Mr. Fels concludes that stagflation must be next. He sees slowing economic growth and higher inflation. After the blow off in bonds, he sees a steeper yield curve.

The low, low bond yields are not confined to the US. We now live in a "global economy". Warren Buffet is correct that in the short run, markets are like voting machines and in the long run they are like weighing machines. In this context, I believe it is true that the long-bond rally has reached a speculative blow-off phase. It has probably over-shot the mean. However, I believe it started moving in that direction based on fundamentals. Those fundamentals being that the world was experiencing slowing economic growth and low inflation expectations.

The combination of GDP and PCE deflator may be only 4% this quarter but today's trade numbers and employment numbers indicate that growth is picking up. The dollar has firmed for the past few weeks, again indicating that US growth may be stronger than expected. (Today's move is in the other direction.)

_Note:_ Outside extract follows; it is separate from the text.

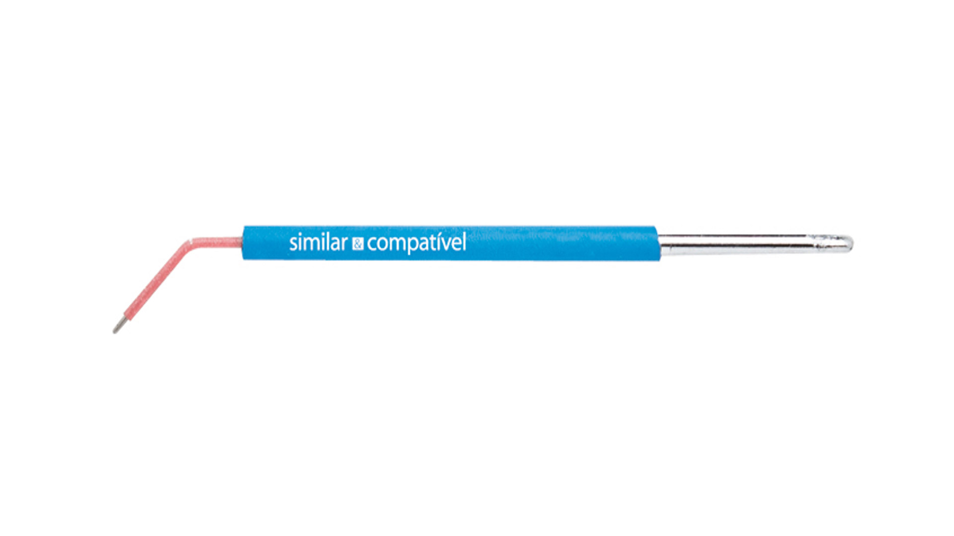 O eletrodo possui tubo capilar de inox cirúrgico de 1,6 mm, com o segmento funcional medindo 1,0 cm no ângulo de 45°, proporcionando precisão nos cortes e afastamentos gengivais em tratamentos odontológicos. Seu revestimento termo retrátil azul assegura isolamento e segurança durante o uso clínico, enquanto o design compacto favorece a manipulação em áreas delicadas.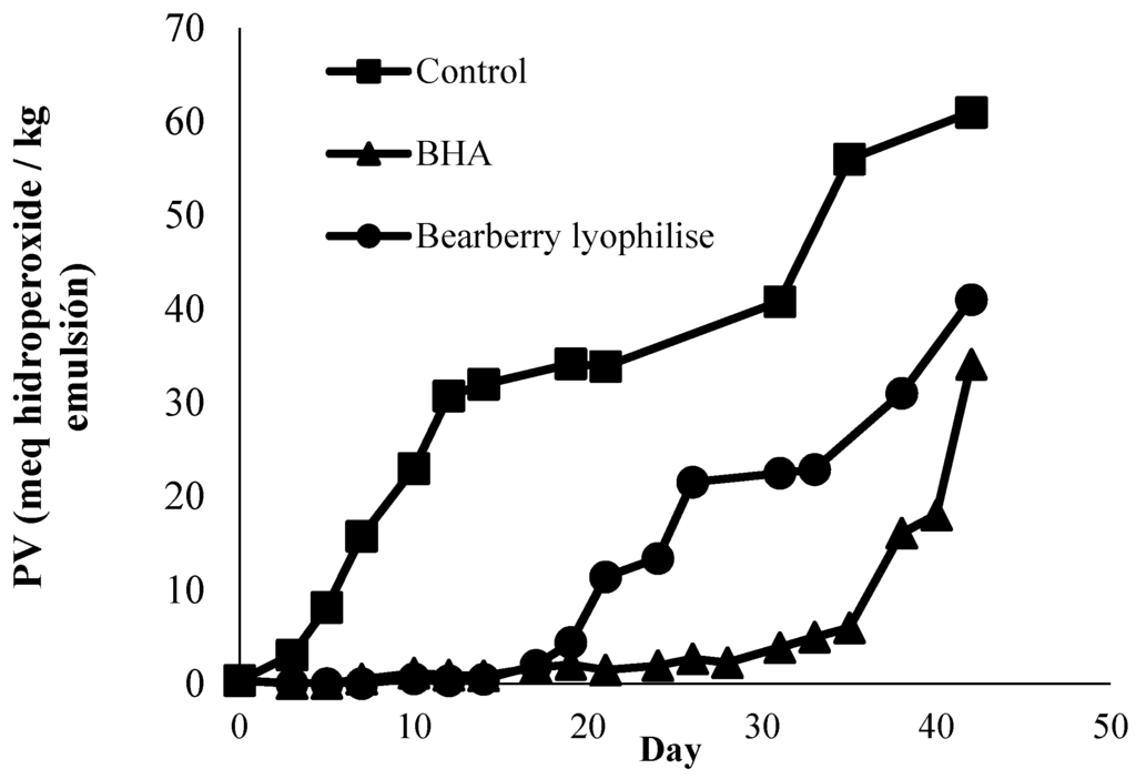 Methods have been developed to understand the effect of natural antioxidants in model foods such as emulsions and active film packaging. Adding natural antioxidants to food not only delays the oxidation process but also enhances the nutritional quality of the food through direct ingestion. In previous work, the effect of bearberry leaf extract in oil-water emulsion has not been described. A model emulsion was used to assess the deterioration of lipids at two stages of oxidation, which were the primary oxidation products (Peroxide Value) and the secondary oxidation products (TBARS). In addition, the change in pH was monitored, since pH tends to fall during oxidation.

The current situation is not unlike what happed 10 years ago. The economy made a slow but nice recovery after the 1990 recession and then slowed in late 1994 and early 1995. Long yields came down in 1995 and the expansion phase was in full swing for the next four years. Long rates did not have as far to fall this time but have made an equally impressive rally. The yield curve steepened during 1996 but then flattened again for the duration of the expansion.

1995 was a very good year for stocks. It is true that the great run was set up by high short rates and therefore a weak market in 1994. This time we start with lower short rates and the risk that the FED will tighten more. The economy and stocks will do well even with one, two or three more increases in short rates.

With so many loans now tied to short rates, Greenspan has been practicing Chinese water torture on debt holders. Fuel price increases and short rate increases are biting now. So yes, GDP and inflation are slowing. The FED is aware and has little reason to tighten much more. The first hint that the FED will hold steady will be the hint to the stock market to lead us out of this slow economy. (I know, the most recent numbers show strong growth in the GNP, but the numbers are old.)

LOW BOND RATES AND A SLOWING ECONOMY AHEAD WILL LEAD TO THE NEXT LEG OF THE BULL MARKET!